Tango was first performed in Finland by Finns in 1913. Since then tango has evolved in Finland to a distinctive form.

Finnish tango as a dance has characteristics that differ from both competitive and Argentine tango. There is a close contact in the pelvis, upper thighs, and the upper body. Finnish tango is often taught with a SSQQ (slow, slow, quick, quick) basic step sequence, with QQS or SQQ used for the beguine or habanera parts so often found in Finnish tango pieces, although a skilled dancer might use slows and quicks just as he wishes to match either the melody or the rhythm. Dips and rotations are frequent. There are no kicks or aerials in Finnish tango. Typically feet stay close to the floor, except in dips the follower might slightly raise the left leg.

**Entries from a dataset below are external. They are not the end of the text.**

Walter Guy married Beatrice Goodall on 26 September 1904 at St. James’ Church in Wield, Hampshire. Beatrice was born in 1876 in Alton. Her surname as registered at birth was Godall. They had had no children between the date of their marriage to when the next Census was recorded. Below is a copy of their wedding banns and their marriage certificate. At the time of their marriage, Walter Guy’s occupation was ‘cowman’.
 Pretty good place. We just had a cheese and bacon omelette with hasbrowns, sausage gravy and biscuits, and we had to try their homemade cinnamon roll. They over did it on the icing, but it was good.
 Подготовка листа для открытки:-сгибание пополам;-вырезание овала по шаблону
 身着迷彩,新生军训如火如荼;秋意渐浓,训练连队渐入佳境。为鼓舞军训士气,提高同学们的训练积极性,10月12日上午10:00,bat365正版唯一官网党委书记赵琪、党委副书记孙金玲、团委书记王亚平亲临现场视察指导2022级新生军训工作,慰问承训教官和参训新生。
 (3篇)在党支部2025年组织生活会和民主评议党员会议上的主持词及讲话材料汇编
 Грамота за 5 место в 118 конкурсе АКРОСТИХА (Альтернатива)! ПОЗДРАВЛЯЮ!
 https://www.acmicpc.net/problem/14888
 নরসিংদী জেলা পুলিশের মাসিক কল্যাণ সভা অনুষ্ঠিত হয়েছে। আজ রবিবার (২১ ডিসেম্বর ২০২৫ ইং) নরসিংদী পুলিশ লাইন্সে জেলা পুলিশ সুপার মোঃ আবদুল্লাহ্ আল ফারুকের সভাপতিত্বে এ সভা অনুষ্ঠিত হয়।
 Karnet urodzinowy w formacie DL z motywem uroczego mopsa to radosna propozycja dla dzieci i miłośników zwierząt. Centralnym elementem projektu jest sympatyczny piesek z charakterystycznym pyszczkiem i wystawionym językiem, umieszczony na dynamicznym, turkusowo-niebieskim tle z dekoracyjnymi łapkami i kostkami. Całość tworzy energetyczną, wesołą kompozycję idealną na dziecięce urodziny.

Steps forward are mainly heel-leads. Only if a forward step is taken during a fall (descending from a rise), the ball touches the floor first. When moving backwards, the heel pushes off the floor. The step sequence may be executed either by closing the last quick step or by letting feet pass each other. The dance is horizontal with optional rises and falls; steps are low and to allow this, the dance position is low with the supporting leg bent. The passing leg moves quickly to rest for a moment close to the grounded leg. Compared to Argentine tango, Finnish tango is more related to (slow) foxtrot, but the feel is different because the weight shift happens close to the end of the beat and the pushing foot will accelerate only to pause next to the grounded one before it moves forward to a long step that is made even longer by pushing off the other leg in the end. Finnish tango requires a lot of space.

The Tangomarkkinat festival also hosts dancing competitions, among them Finnish tango. Non-Finnish contestants also participate.